I was tapping 4BA into a casting today, and the tap got really tight in the first hole; so tight that I was afraid I'd break it, and wasn't able to tap to depth. I'd drilled #33, started with the taper tap, then was finishing with the bottoming tap. I was using Re-li-on cutting fluid (though I did the rest of the holes dry, and that seemed better). I started the tap in the mill chuck, turned by hand (allowing the feed to move as the tap screwed in), so alignment wasn't an issue.

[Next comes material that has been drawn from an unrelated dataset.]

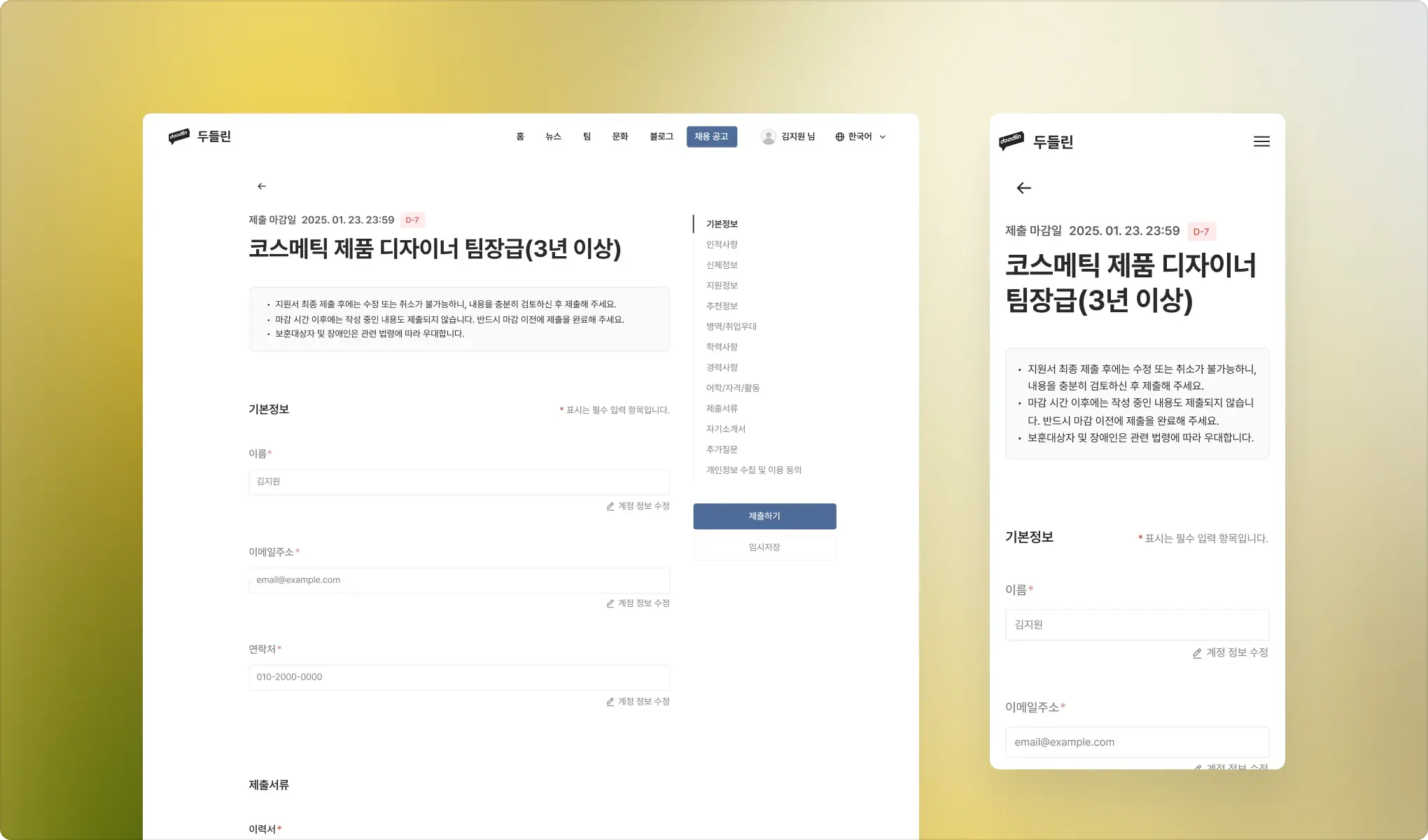 새롭게 설계된 지원서 항목들이 최적화된 레이아웃으로 노출되어, 모바일과 데스크탑 어디서든 쾌적한 작성이 가능합니다.

I did manage to tap the 4 holes to depth in the end, but it sure was nerve-wracking! I think the tricks were:
* did it dry, no cutting fluid
* went one size up on the drill (#32, rather than #33)
* made sure the hole is deep enough
* went as far as I could with the taper tap first

So I have the following questions:
1. Is there a rule of thumb for how deep to drill the hole so that you can tap to the required depth?
2. Do you go as far as you can with the taper tap, then only switch to the bottoming tap at the end?
3. Do you use cutting fluid in cast iron?
4. How much flex should I expect the tap to handle? If I can see it twisting, should I stop?
5. Do you grind the points off the end of your taps so that they don't bottom-out in the hole?

Thanks!
Simon


----------



## cfellows (Mar 25, 2012)

Well, I can answer a couple of those questions. First, I always tap cast iron dry, never use fluid. Second, I usually try to drill the hole deeper than I plan to tap if possible... otherwise I use a plug tap to the bottom of the hole then follow up with a bottoming tap. In addition, I always use a tapping guide which removes any side to side flexing in the tap. Finally, you need to remove the tap entirely from the hole from time to time to blow accumulated dust out of the hole and blow off the tap. Never had a problem breaking of a tap in cast iron. Steel seems to be the tough one for me.

Taps will tolerate some twisting flex but a combination of twisting and sideways flex will cause it to fail in a hurry. As far as how much flex... well that's pretty much a matter of feel. And I sometimes get it wrong!

Chuck


----------



## steamer (Mar 25, 2012)

Hey Simon,

What Chuck said for sure.  I've not had too many problems with CI doing the way he describes, but if your running into a hard spot, well it can get nasty!

Always make sure your taps start in square to the hole. Making a tapping block is a good idea.

A tapping block is a block of steel with carefully drilled dead perpendicular to the bottom face with holes sized such that all your usual taps are a slip fit.  In use you hold the block up tight against the surface as you start the tap while inserted in the block. 

It works very well and is well worth the effort.....If I'm telling you something you already know ...well sorry, but I use my block all the time and swear by it.

Hope that helps!

Dave


----------



## Jasonb (Mar 26, 2012)

No 33 will give close to full thread depth, I would drill 3.1mm which is somewhere between 30 & 31.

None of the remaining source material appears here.